Каковы бы ни были тайные причины, побудившие донью Росу вновь coram populi [77]77
  Всенародно (лат.).


[Закрыть]
взять в свои руки бразды правления поместьем, человечность первых ее распоряжений пробудила глубокий и искренний отзвук в сердцах всех, кто был тому свидетелем. Громко и шумно выразили свое одобрение мужчины, растроганные женщины проливали слезы радости. В глазах же Исабели сеньора Гамбоа вдруг совершенно преобразилась, и если еще недавно благородное сердце девушки низвергло донью Росу в бездну глубочайшего презрения, то теперь в один миг оно вознесло ее до высот самого пламенного обожания. В эту минуту донья Роса представлялась Исабели прекраснейшей и милосерднейшей из женщин, и девушка готова была кинуться к ней на шею, чтобы обнять ее так же нежно, как в былые дни обнимала после долгой разлуки свою покойную мать, когда та с улыбкой встречала ее на пороге родного дома. Теперь она готова была преклонить колена перед доньей Росой, чтобы так же, как сделал это только что первый из рабов, удостоившихся ее милости, излить перед ней всю свою благодарность.

– Что может быть сладостней счастья прощать людей, чья судьба зависит от нас! – воскликнула Исабель, и по щекам ее побежали слезы волнения, с которым она не в силах была совладать. – Это единственная радость, какую может доставить власть над рабами!

– Вы плачете, сеньорита? – сочувственно спросил ее священник.

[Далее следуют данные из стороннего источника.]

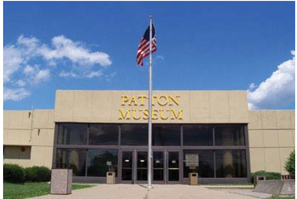
General George Patton Museum located in Fort Knox, Kentucky.

Dames, and their family members attending this year's Congress in Kentucky as a tribute to the 200th Birthday of our 16th President, Abraham Lincoln.

– Всякий раз, когда при мне, – отвечала она сквозь слезы, – совершают великодушный, милосердный поступок, глаза мои невольно увлажняются.

– Боюсь, что если вы поживете здесь подольше, они и вовсе перестанут у вас просыхать, но только по причинам обратного порядка.

– Мне думается, я не могла бы долго здесь прожить.

– Я вижу, сеньорита, – заметил падре, удивленный чувствительностью ее сердца и ясностью взгляда на вещи, – я вижу, вы сделаны совсем не из того тоста, из какого делаются рабовладельцы.

– Это верно. Если бы мне пришлось выбирать между судьбой рабыни и судьбой госпожи, я предпочла бы рабство, потому что участь жертвы кажется мне более завидной, чем участь палача.

Между тем Адела восторженно обнимала свою мать и, осыпая ее щеки горячими поцелуями, говорила:

– Если сегодня день отпущения грехов, то можно – я позову… – Девушка не решалась произнести вслух запретное имя.

– Кого? – нахмурясь, спросила донья Роса.

И Адела уже гораздо более робко, нежели вначале, прошептала это имя матери на ухо.

На лице доньи Росы изобразилась внезапная перемена, и столь же резко изменилось ее расположение духа: благотворительный пыл внезапно уступил место суровости, а мгновение спустя – гневу.

– Нет, нет. Ей нет прощения… Да она и не нашла нужным просить его у меня.

– Но она здесь, она пришла умолять тебя, чтобы ты простила ее, и только ждет, когда я ее позову.

– Нет, девочка, нет. Я не хочу ее видеть.

Огорченная, со слезами на глазах, отошла Адела от матери.

А вскоре приступили к крещению двадцати семи новых рабов, доставшихся дону Кандидо из той партии негров, которых привез недавно из Африки бриг «Велос». Затем три или четыре негра были обвенчаны, причем никто, даже видимости ради, не справился у них, желают ли они этого. И под конец позволено было ударить в барабан, иначе говоря – устроить пляски, продолжавшиеся до захода солнца.

По распоряжению доньи Росы жезл правителя, то бишь кожаная плеть, или, иными словами, власть над неграми инхенио, временно перешла к бойеро.